Open cyangle opened 2 years ago
With the latest bug fixes, the interpreter could run all kemal tests successfully except the run_spec.cr
file which creates new processes with Process
.
@asterite @straight-shoota @sdogruyol
$ cr i spec/all_spec.cr
Using compiled compiler at /home/chao/git/personal/crystal/.build/crystal
....................................................................................................
Finished in 1.58 seconds
100 examples, 0 failures, 0 errors, 0 pending
real 0m3.263s
user 0m3.642s
sys 0m0.303s
Fork in interpreted mode is broken and I don't understand why yet. I debugged this a lot in the past. This will likely not be fixed any time soon.
Hello,
I'm not a unix expert, but I was looking a bit into this and on Darwin 19.6.0 x86_64, status = Process.run("ls")
stops at LibC.execvp(command, argv)
in Process.try_replace
that is executed in the child process started by LibC.fork
in Process.fork
.
Just as an experiment I tried to comment out the line that executes the command (LibC.execvp(command, argv)
) and I get an EINVAL
error from the parent and the Process.run()
call terminates trivially.
The input of LibC.execvp(command, argv)
is:
command: "ls"
argv: [Pointer(UInt8)@0x116920f6c, Pointer(UInt8).null]
Any idea why LibC.execvp(command, argv)
doesn't return?
How would you continue debugging this issue?
It's because there's something wrong in the way fork
is executed in the interpreter.

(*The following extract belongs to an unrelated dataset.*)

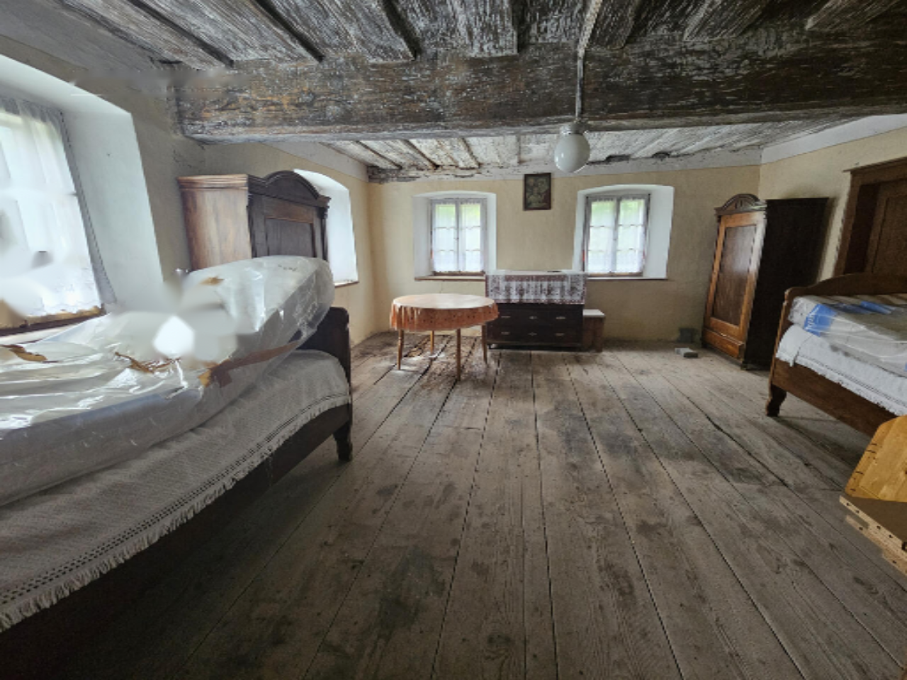 Отопление было организовано с помощью печей. В доме отсутствует ванная комната.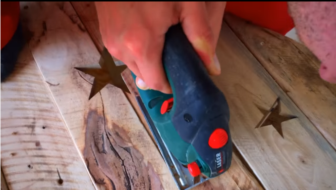 用木板連接起來(lái)后,他在上面花了許多小星星,然后切割掉,記住先別扔,收集起來(lái)等等還要用。做到上一步這個(gè)月亮船就算做好了,接著就是買來(lái)壁紙把房間裝飾得更加有童話氣息。

And it's really hard to debug.
To begin with, we should start finding out why this happens:
pid = Crystal::System::Process.fork(will_exec: true)
if pid
puts "parent with child: #{pid}"
else
debugger
puts "child"
end
The output of running that through crystal i file.cr
is:
[warn] kevent: Bad file descriptor
[warn] kevent: Bad file descriptor
[warn] kevent: Bad file descriptor
...
My guess is that we'll need to make the interpreter aware of fork, but I'm not sure.
@straight-shoota This is a very complex bug and I think it is worth tracking it in #11555.
@asterite I have a partial fix for this defunct process issue.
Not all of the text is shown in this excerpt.